Omdat de economische crisis aldoor maar scherpere vormen aannam en bijgevolg de armoede en ellende van een niet gering gedeelte van de zonder werk gevallen arbeiders en kleine handelaars op een onrustbarende wijze toegenomen was, vaardigde Keizer Karel op 7 oktober 1531 een decreet uit waarbij het bestuur van de grote steden bevolen werd de bestaande “guldekens”, op wier schouders tot dusverre de armenzorg berust had, van die taak te ontlasten. In hun plaats diende een meer officieel organisme te worden opgericht. Noblesse oblige. Keizer Karels geboorteplaats was de eerste stad die aan ’s keizers bevel gestalte gaf. Nog hetzelfde jaar 1531 werd de “Armen Caemer van Ghendt” boven de doopvont gehouden. Onder het gezag van en door Keizer Karel ontstond in 1535 de Armen Camere, de Armenkamer die de belangen en initiatieven van de verschillende godshuizen verenigde.
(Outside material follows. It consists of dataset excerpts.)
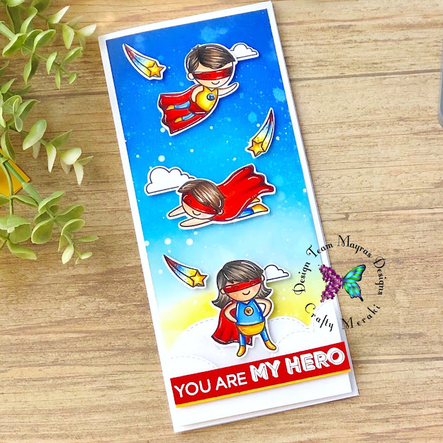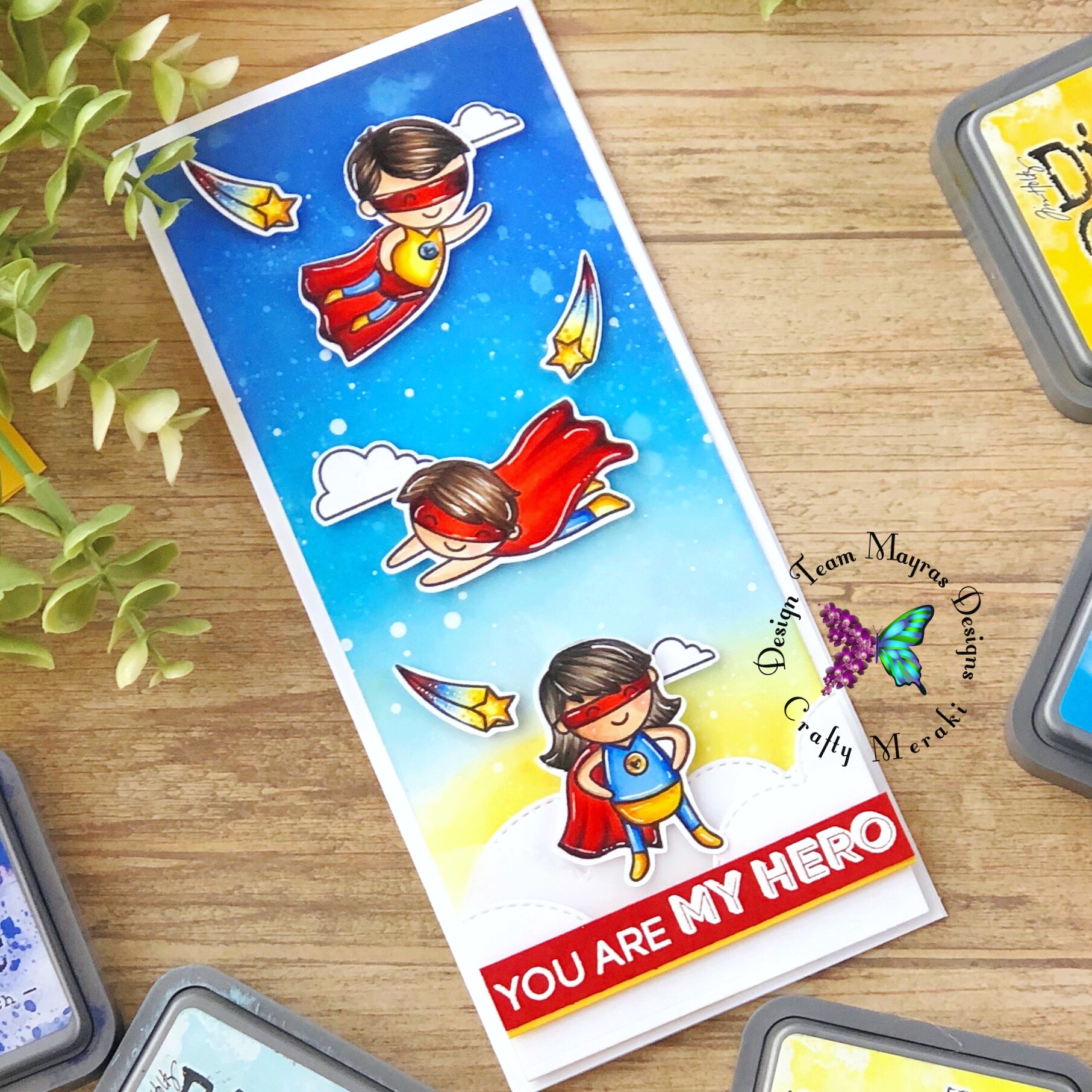 Who is your hero? Are you like me, I have several heroes in my life. My mom and dad are some of my heroes. My mom takes care of my dad who was diagnosed with early-onset Alzheimers. Her and my siblings are amazing!!! With that thought in mind, I created this superhero-themed slimline card. I used the cute Super Dudes stamp set by Heffy Doodle.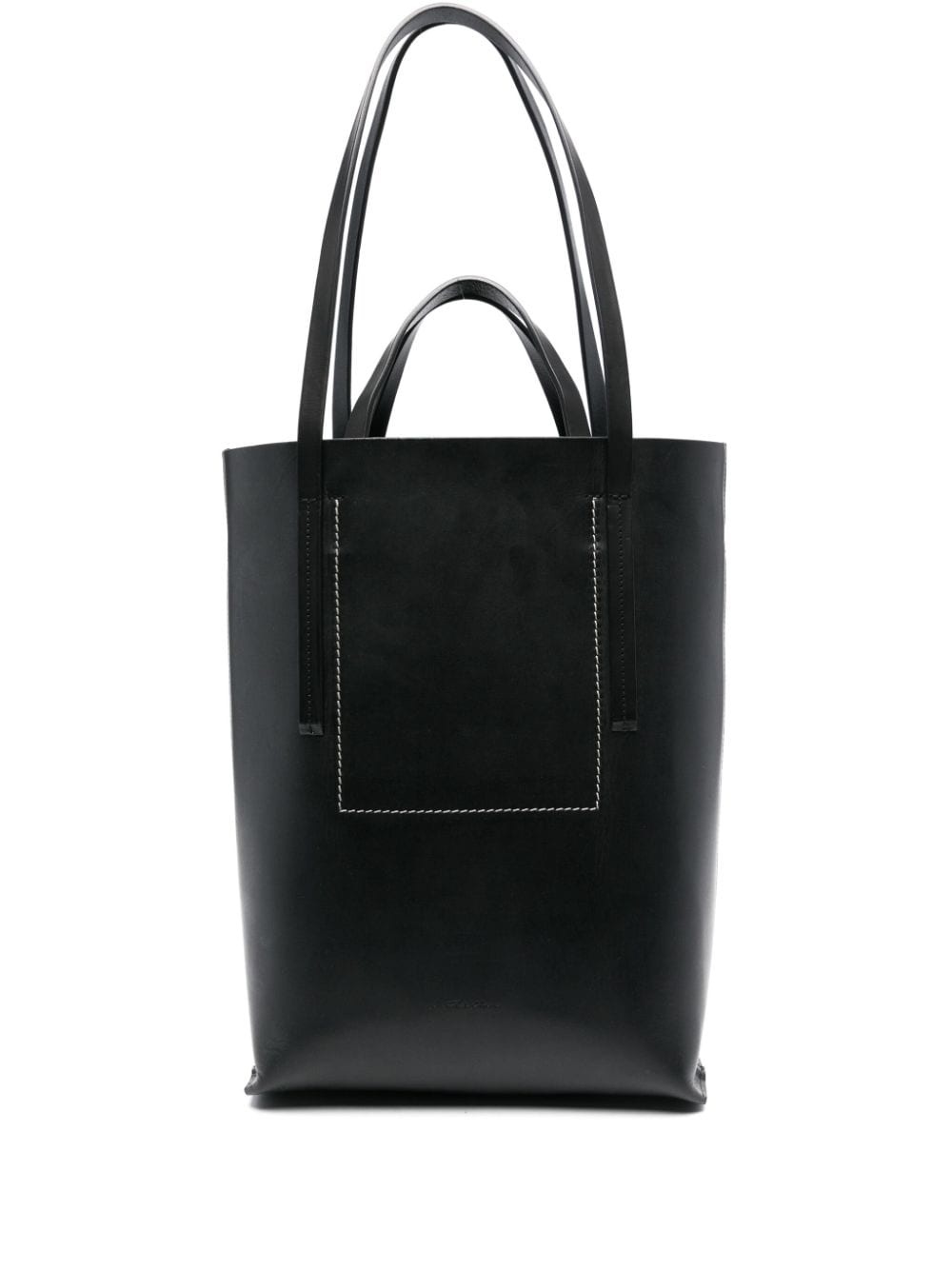 medium leather tote bag Highlights - Black - Calf leather - Smooth grain - Two flat top handles - Two flat shoulder straps - Decorative stitching - Debossed logo to the front - Main compartment - Internal patch pocket - Internal zip-fastening pocket - Debossed internal logo - Open top Made in Italy Composition Outer: Calf Leather 100% SIZE & FIT Measurement DEPTH 3.93 in(10 cm) HANDLE 4.72 in(12 cm) HEIGHT 15.74 in(40 cm) STRAP 25.98 in(66 cm)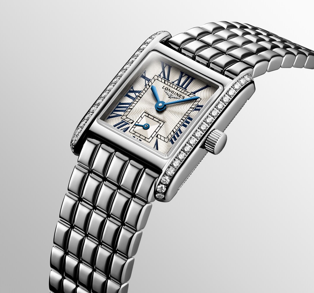 Acciaio e diamanti incastonati 0,456 carati, movimento al quarzo, quadrante argento flinqué con numeri romani dipinti e lancette azzurre in acciaio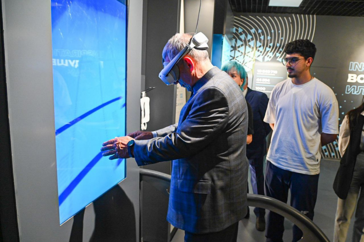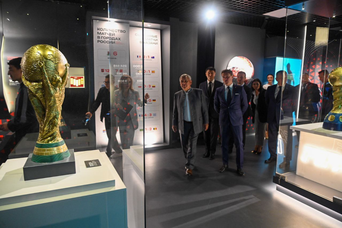 Минниханов отметил, что здесь можно даже «прыгнуть» с вышки Дворца водных видов спорта или прокомментировать футбольный матч, и выложил фотографии музейного пространства.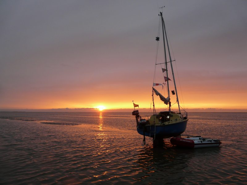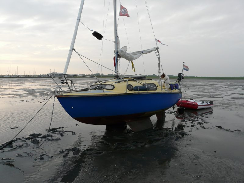 Nou was de plek om droog te vallen niet een keuze, ik liep er vast, boven op een zand bult. Rond middernacht was stond er weer voldoende water, en heb ik de boot in iets dieper water gelegd..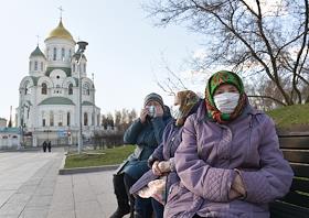 Празднование Вербного Воскресенья (Вход Господень в Иерусалим) во время пандемии коронавируса COVID-19. Жанровая фотография. Пожилые женщины в медицинских масках на лавочке у храма.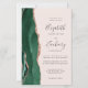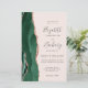 The left-hand edge of this elegant modern wedding invitation features an emerald green watercolor agate border trimmed with faux rose gold glitter. The customizable text combines charcoal gray handwriting, copperplate and italic fonts on a blush pink background. The reverse side features a matching emerald green and rose gold agate design.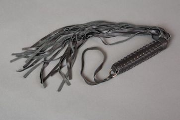 Чёрный кожаный флоггер с плетёной ручкой (42295)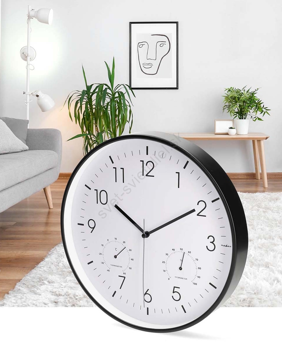 Nástenné hodiny s teplomerom a vlhkomerom, priemer 30,5 cm, 1xAA, čierne

Een paar gebouwen gelegen op de hoek van de Pisstege (Stadhuisstege) en de Corte Nuwelstege (Poeljemarkt) werden ter beschikking gesteld van de nieuwbakken instelling, wier bestuur aanvankelijk was samengesteld uit 11 aanbevelingswaardige burgers. Deze besturende burgers, ook gekend als regenten, voogden of gouverneurs, stelden een reglement op en lieten een stempel snijden waarmee ze zowel de alledaagse als officiële documenten konden waarmerken. Aldus werden al de door de Caemer uitgereikte broodkaarten van deze stempel voorzien. Een stempel die meteen aan de oprichting van het menslievend werk herinnert: de dooreen gevlochten hoofdletters A, C en G, omlijst door de verklaring “Caesare Instituent Anno 1531” en de veelbetekende verheldering “Beati Miseri-cordes”.

Had de Caemer tot taak de heersende armoe te lenigen door het uitdelen van voedsel, brandstof, kleren en uitzonderlijk klinkende munt, tegelijkertijd was er de beteugeling (en bestraffmg) van de door de armoe uitgelokte bedelarij. De aan de bedelarij verwante landloperij, hoofdzakelijk mannen, werd zowel door het stedelijk als het grafelijk gerecht bestraft met kastijding en een paar jaar verbanning, eventueel uit de stad of uit het graafschap. De vrouwen en de kinderen hadden zogezegd het monopolie van het schooien. Het waren deze bedelaressen waarmee de Caemer geconfronteerd werd. Bemerken we dat de door de ‘Heren voogden” gevelde vonnissen er geen waren om ermee te gekscheren. Kennismaking met de zweep? Waarom niet. Opsluiting? Voorzeker. In oorkonden wordt gewag gemaakt van bestraffing met een verblijf in donkere putten.Maw kerkers die van deuren voorzien waren. Bijna even groot (5,1 m x 3 men 5,1 m x 3,30 m) werden de kerkers verlucht door middel van een kleine opening die uitgaf in een bijna even donkere gang. Het was Alfons van Werveke die hierover melding maakt.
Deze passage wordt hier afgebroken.